与传统的人字形板式换热器相比，以相邻凹槽之间连续曲面为特征的凹槽板式换热器由于材料消耗更低、内部体积更小而受到人们的关注。然而，目前还缺乏对不同压窝参数下的热工性能的综合分析。本文通过实验研究了三种凹槽板(深度：1.2 ~ 2.0 mm；螺距：5.2−7.6 mm)，入口热水和冷水温度分别为70和50℃，质量通量为50−1000 kg·m−2·s−1。在更广泛的条件下进行了模拟，质量通量范围为20至465 kg·m−2·s−1，涵盖了宽范围的凹窝深度（0.7 ~ 1.5 mm）和俯角（2.8 ~ 7.6 mm）。结果表明，当模窝深度为0.7 ~ 2.0 mm，模窝间距为2.8 ~ 6.0 mm时，模窝换热系数增大40%，模窝换热系数增大80%。基于不同的凹窝深度和节距组合，初步识别出人字形波纹通道内的绕流和凹窝间的对称涡，而不是旋涡上下流动。在雷诺数约为300时，检测到层流向湍流的转变。最后，利用118个数据点建立了努塞尔数的新相关性，平均偏差为7.6%。
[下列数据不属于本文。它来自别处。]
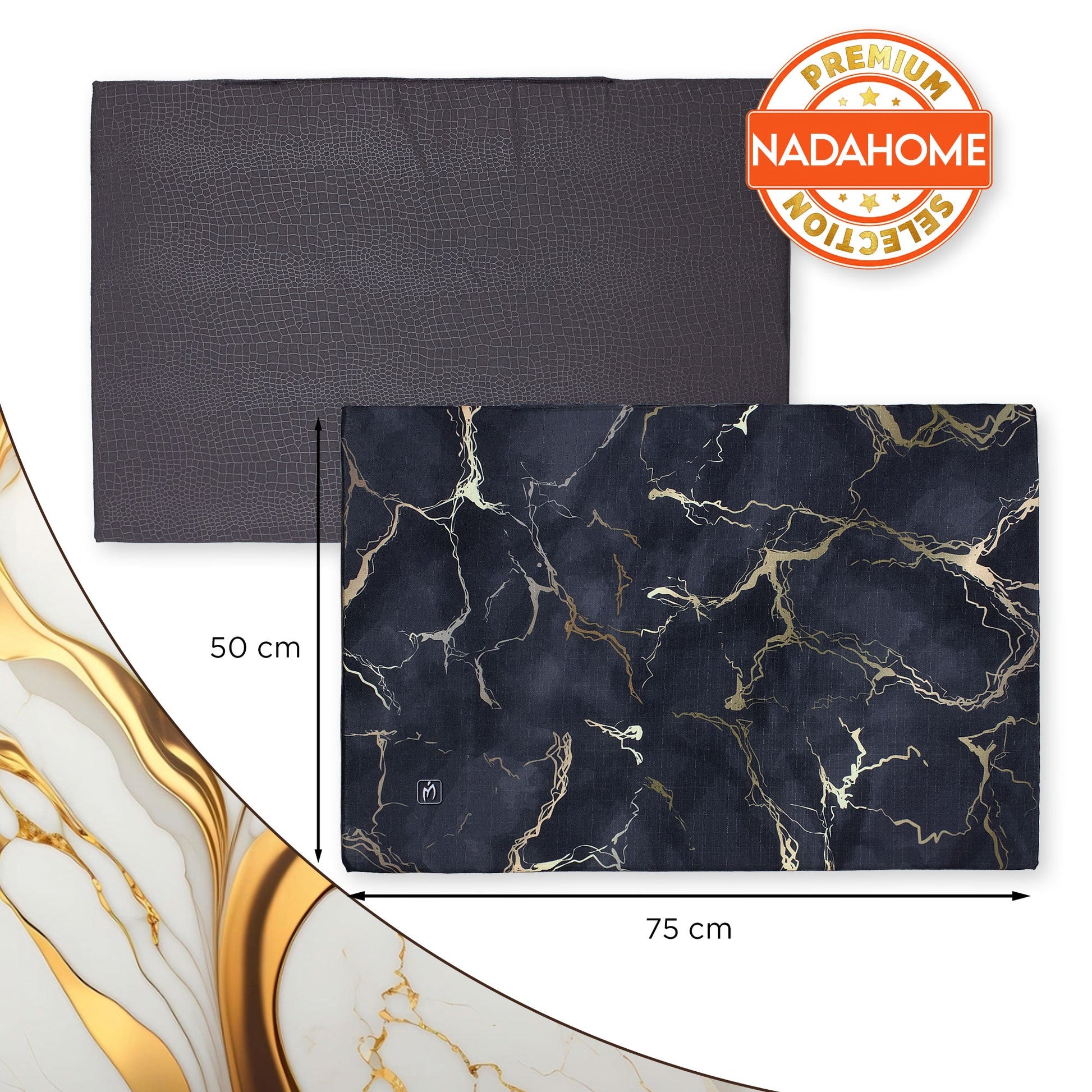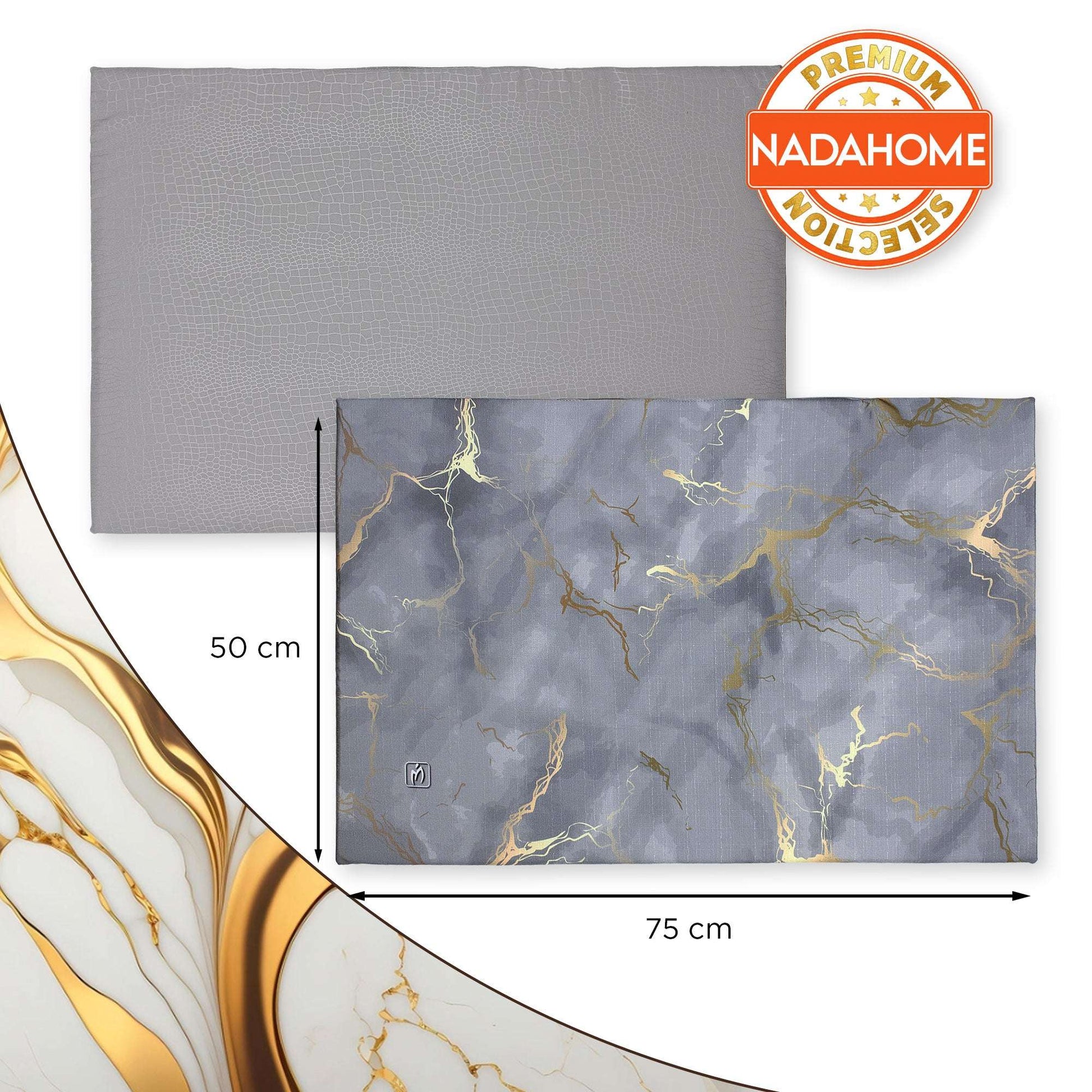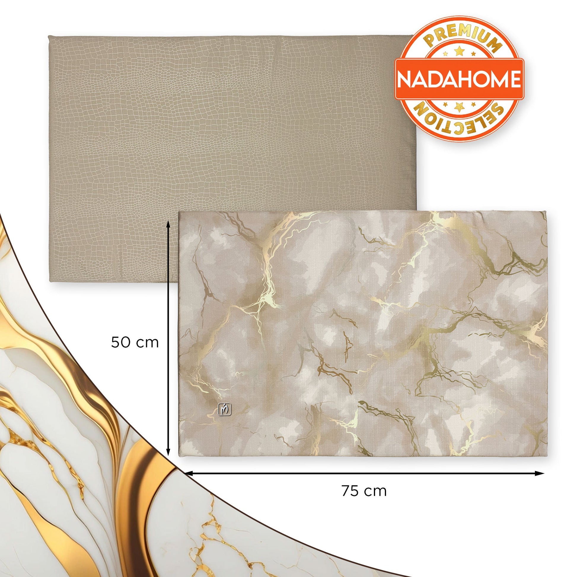Dona un tocco di eleganza alla tua cucina con il coprifornelli imbottito effetto marmo. La stampa digitale marmorizzata con venature oro crea un look raffinato e moderno, trasformando il tuo piano cottura in un vero elemento d’arredo.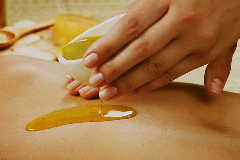 - Кожа промакивается полотенцем, но не растирается, и только после этого на нее наносится мед мягкими поглаживающими движениями;

本文章由计算机程序翻译，如有差异，请以英文原文为准。

查看原文本刊更多论文

Heat transfer characteristics of single-phase flow through dimple plate heat exchanger

Dimple plate heat exchangers featuring with continuous-curved surface between adjacent dimples have garnered attention due to lower material consumption and lower internal volume compared to the conventional herringbone plate heat exchanger. However, a comprehensive analysis on thermal–hydraulic performance under different dimple parameters is still lacking. This study experimentally investigates the heat transfer characteristics of water flow in three dimple plate patterns (depth: 1.2 − 2.0 mm; pitch: 5.2 − 7.6 mm) with inlet hot- and cold- water temperatures at 70 and 50 °C, mass flux of 50 − 1000 kg⋅m⁻²⋅s⁻¹. The simulation was conducted under even broader conditions, with mass flux ranging from 20 to 465 kg⋅m⁻²⋅s⁻¹, encompassing a wide range of dimple depths (0.7 − 1.5 mm) and pitches (2.8 − 7.6 mm). The results indicated that heat transfer coefficient increased by 40 % and 80 % maximum at the same Reynolds number as the dimple depths and pitches ranges 0.7 − 2.0 mm and 2.8 − 6.0 mm, respectively. The surrounding flow and symmetric vortices among dimples instead of swirl up-and-down flow in the herringbone corrugated channel was initially identified based on different combinations of dimple depth and pitch. Laminar flow transition to turbulence was detected at a Reynolds number of approximate 300. Finally, a new correlation for the Nusselt number was developed using 118 data points, with a mean deviation of 7.6 %.

求助全文

通过发布文献求助，成功后即可免费获取论文全文。去求助

来源期刊

Applied Thermal Engineering 工程技术-工程：机械

CiteScore

11.30

自引率

15.60%

发文量

1474

审稿时长

57 days

期刊介绍： Applied Thermal Engineering disseminates novel research related to the design, development and demonstration of components, devices, equipment, technologies and systems involving thermal processes for the production, storage, utilization and conservation of energy, with a focus on engineering application. The journal publishes high-quality and high-impact Original Research Articles, Review Articles, Short Communications and Letters to the Editor on cutting-edge innovations in research, and recent advances or issues of interest to the thermal engineering community.